Pietro Giuliani, in questa ritrosia alla programmazione in tema successorio c’è qualcosa che somiglia alla timidezza con la quale gli italiani di avvicinano anche ai temi della protezione assicurativa o della previdenza complementare?
«In qualche modo sì. In fondo anche quando parliamo di rendite vitalizie c’è di mezzo un trasferimento di ricchezza, tra chi vive di meno, e paga, e chi vive di più, e prende. C’è di più. Noi latini abbiamo un senso della proprietà e della famiglia, che non è condiviso con queste modalità nell’Europa del Nord o negli Stati Uniti, per limitarci a un confronto con il mondo occidentale. E questo spiccato senso della proprietà e della famiglia a volte rende meno lucidi».
Il tema dell’eredità è influenzato anche dalle pretese del Fisco?
«Certamente. Ma in questo caso è necessario riconoscere che viviamo in una sorta di paradiso fiscale. Il 4% per gli eredi diretti è davvero poca cosa. Si consuma alla fine della vita una specie di contrappasso: tante tasse durante la vita, pochissima pressione fiscale nel momento della transizione. A vantaggio degli eredi, che finiscono per godere del patrimonio accumulato dalla generazione precedente».
Questo vantaggio degli eredi si trasforma in una opportunità di ulteriore patrimonializzazione o si esaurisce in una occasione di facile consumo?
«A dire la verità, almeno se parliamo di passaggio generazionale a livello di impresa, vedo una crescente inadeguatezza delle giovani generazioni a subentrare. E questo si concretizza – l’ho visto chiaramente negli ultimi 10-20 anni – in una tendenza ad avere poca voglia di fare il passaggio generazionale in azienda. Riscontro l’aumento di persone che pur in età avanzata non lasciano lo scettro alla famiglia. Non per egoismo eccessivo, ma per realismo. Se dovessi indicare una percentuale direi che solo il 5-10% delle imprese italiane possono contare su una nuova generazione pronta ad assumere la responsabilità della conduzione aziendale».


Crisi vocazionale?
«L’attaccamento all’impresa e la passione non si ereditano. Si possono modellare, educare, rafforzare. Ma non si possono trasferire. A volte essere nati ricchi non aiuta. L’imprenditore che continua a reggere le sorti dell’impresa non è un avido e diffidente. E’ quasi sempre una persona che non ha visto eredi adeguati a dare seguito all’attività, ben sapendo che l’impresa coincide con un duro lavoro. E allora vende».

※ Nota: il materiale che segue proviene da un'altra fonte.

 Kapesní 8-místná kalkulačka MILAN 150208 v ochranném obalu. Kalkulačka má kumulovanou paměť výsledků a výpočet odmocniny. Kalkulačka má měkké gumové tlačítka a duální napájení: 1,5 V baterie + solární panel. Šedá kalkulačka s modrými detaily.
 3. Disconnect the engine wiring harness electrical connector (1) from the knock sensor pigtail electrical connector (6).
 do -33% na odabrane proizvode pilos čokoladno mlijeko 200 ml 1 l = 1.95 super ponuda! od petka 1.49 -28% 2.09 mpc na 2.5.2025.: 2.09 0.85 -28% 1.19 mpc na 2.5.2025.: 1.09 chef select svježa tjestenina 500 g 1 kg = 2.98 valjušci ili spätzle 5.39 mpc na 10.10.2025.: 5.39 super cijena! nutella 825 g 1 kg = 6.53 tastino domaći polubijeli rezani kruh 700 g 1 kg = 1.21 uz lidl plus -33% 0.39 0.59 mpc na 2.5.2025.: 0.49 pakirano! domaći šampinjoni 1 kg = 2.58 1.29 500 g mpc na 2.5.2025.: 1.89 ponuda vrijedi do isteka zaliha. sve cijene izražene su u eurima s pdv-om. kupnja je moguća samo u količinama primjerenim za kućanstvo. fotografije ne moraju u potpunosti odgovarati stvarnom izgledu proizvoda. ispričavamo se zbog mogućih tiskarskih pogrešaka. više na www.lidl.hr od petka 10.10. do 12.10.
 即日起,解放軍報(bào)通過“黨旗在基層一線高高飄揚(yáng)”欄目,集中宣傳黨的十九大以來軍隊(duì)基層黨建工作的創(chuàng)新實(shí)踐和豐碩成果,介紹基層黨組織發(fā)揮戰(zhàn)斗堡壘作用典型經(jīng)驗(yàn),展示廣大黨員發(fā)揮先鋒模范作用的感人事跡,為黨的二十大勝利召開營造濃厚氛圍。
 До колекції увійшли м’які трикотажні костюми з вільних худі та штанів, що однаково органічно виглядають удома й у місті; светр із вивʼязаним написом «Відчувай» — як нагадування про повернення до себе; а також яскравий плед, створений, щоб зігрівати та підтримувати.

Mi ha preceduto. Visto che in qualche modo il passaggio generazionale deve consumarsi, la vita non è infinita, come si affronta il tema? Quali scelte si impongono?

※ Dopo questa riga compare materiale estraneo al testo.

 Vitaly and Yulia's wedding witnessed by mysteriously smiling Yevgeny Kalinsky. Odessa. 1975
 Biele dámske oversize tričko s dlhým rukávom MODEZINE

«Meglio vendere un’azienda a un fondo o a un competitor, piuttosto che vederla fallire. La vendita dell’azienda consente di trasformare il patrimonio in un bene più facilmente trasferibile agli eredi: la liquidità da gestire».
Questo però depaupera il patrimonio nazionale delle imprese.

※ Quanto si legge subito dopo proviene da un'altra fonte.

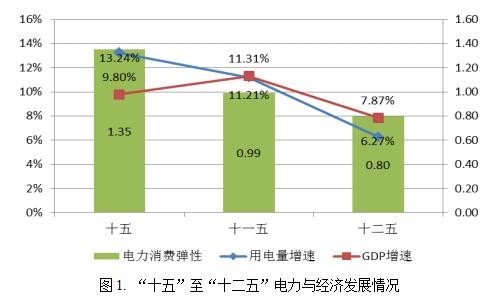 從歷史發(fā)展趨勢(shì)來(lái)看,2000年以來(lái)我國(guó)用電量增速總體呈現(xiàn)下降的趨勢(shì),由“十五”期間的13.24%降低到“十二五”期間的6.27%,“十三五”期間用電量增速還將進(jìn)一步下降,這也已是毋庸置疑的現(xiàn)實(shí)。同樣,我國(guó)經(jīng)濟(jì)發(fā)展也經(jīng)歷了從高速發(fā)展到新常態(tài)的轉(zhuǎn)變,“十二五”GDP增速明顯放緩,同時(shí)全社會(huì)用電量增速也明顯調(diào)檔;尤其是2014年以來(lái),隨著步入經(jīng)濟(jì)新常態(tài)、產(chǎn)業(yè)結(jié)構(gòu)調(diào)整、用電結(jié)構(gòu)的逐步優(yōu)化等因素,全社會(huì)用電量增速顯著下降。2000年以來(lái),電力消費(fèi)彈性這一指標(biāo)也保持下降趨勢(shì),這種下降趨勢(shì)將一直延續(xù)到“十三五”乃至今后很長(zhǎng)一段時(shí)間,這也是社會(huì)發(fā)展的一般規(guī)律。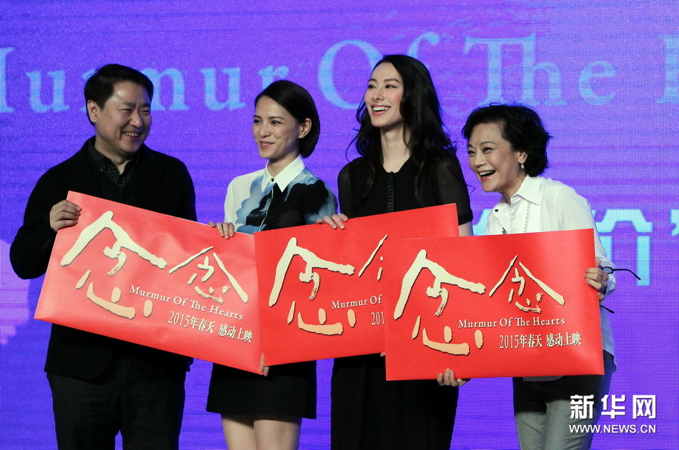 3月4日,张艾嘉(右一)、梁洛施(右二)、李心洁(左二)和博纳影业集团董事长于冬出席《念念》北京新闻发布会。新华社记者高静摄

«Purtroppo sì. Ma questo avviene anche per una carenza di strutture finanziarie italiane che possano garantire un passaggio di proprietà più agevole tra italiani. E per una carenza di classe imprenditoriale. Ma per chi trasferisce un patrimonio, l’importante è renderlo fruibile, gestibile. E la vendita dell’azienda trasforma in liquidità e gestibilità finanziaria quel patrimonio in parte intangibile che è un’azienda».
Ma il passaggio generazionale riguarda anche il trasferimento di immobili o di una attività commerciale o di ristorazione.
«In tutti i casi c’è bisogno di un gestore nuovo, che se non è l’erede, deve essere un terzo, capace di favorire il passaggio, dissipando meno valore. Anche trasferire un negozio non è scontato: o l’erede cresce nella gestione dell’attività, nella relazione con i fornitori, nel rapporto con la clientela e la sua trasformazione, oppure finirà per creare le condizioni per la chiusura di quell’esercizio. Lo stesso dicasi per uno o più immobili. O si tratta di immobili di facile vendita o di buona rendita, oppure ancora una volta la liquidazione del bene prima del passaggio generazionale può essere la scelta prioritaria. A condizione di individuare un adeguato gestore del risparmio».
Quindi anche per gli immobili è consigliabile una transizione attraverso una liquidazione del bene?
«Molto spesso si ereditano immobili onerosi da gestire e poco adatti a produrre redditività. In questo caso il conferimento a un fondo immobiliare, verificandone l’appetibilità, può essere la via maestra. La vendita è il ripiego, come nel caso dell’azienda. Un ripiego spesso necessario».
Però anche lasciare dei soldi potrebbe essere una scelta rischiosa. Facile, ma rischiosa.
«Quando parlo di liquidazione del bene, prima del passaggio generazionale, implicitamente suggerisco il percorso che porta alla gestione del risparmio.

Ci sono formule diverse per assicurare una rendita e per conservare il patrimonio, se parliamo di valori non bassissimi».


Arriviamo ai consigli. Nel variegato panorama di soluzioni, ci sono consigli pratici da fornire a chi vorrebbe pensare per tempo a questa transizione?
«Ci sono due estremi entro i quali muoversi. Il primo è il modello molto anglosassone del “trust”. Vuol dire spossessarsi del patrimonio, per conferirlo a un “trustee” di cui occorre fidarsi, che subentra nella titolarità del bene, o dei beni, con la finalità di assicurare una rendita, correlata al rischio di investimento che viene definito. L’altra possibilità, più latina, si affida all’industria del risparmio gestito. Il patrimonio viene conferito per la semplice gestione. Si tratta di organizzare un portafoglio diversificato, che possa produrre un rendimento in linea con le esigenze del proprietario dei beni. Ovviamente in questo secondo caso non c’è nessuna blindatura, quindi i beni gestiti possono anche finire per essere venduti».
Ma entro questi due estremi ci sono possibilità intermedie?
«Certamente. La più praticata è la fiduciaria statica, una società di capitali, alla quale conferire beni di ogni tipo (immobili, liquidità, quote societarie), impegnando i soci a un patto sottoscritto in cui si danno istruzioni irrevocabili per la gestione, e si individuano vincoli al rendimento. Tra i soci ci devono essere sia il proprietario iniziale, sia gli eredi. E’ una soluzione molto elastica, che non genera costi eccessivi di gestione, da mille euro all’anno in su. In un certo senso è anche la soluzione meno “traumatica” per chi si convince della necessità di anticipare il “passaggio”».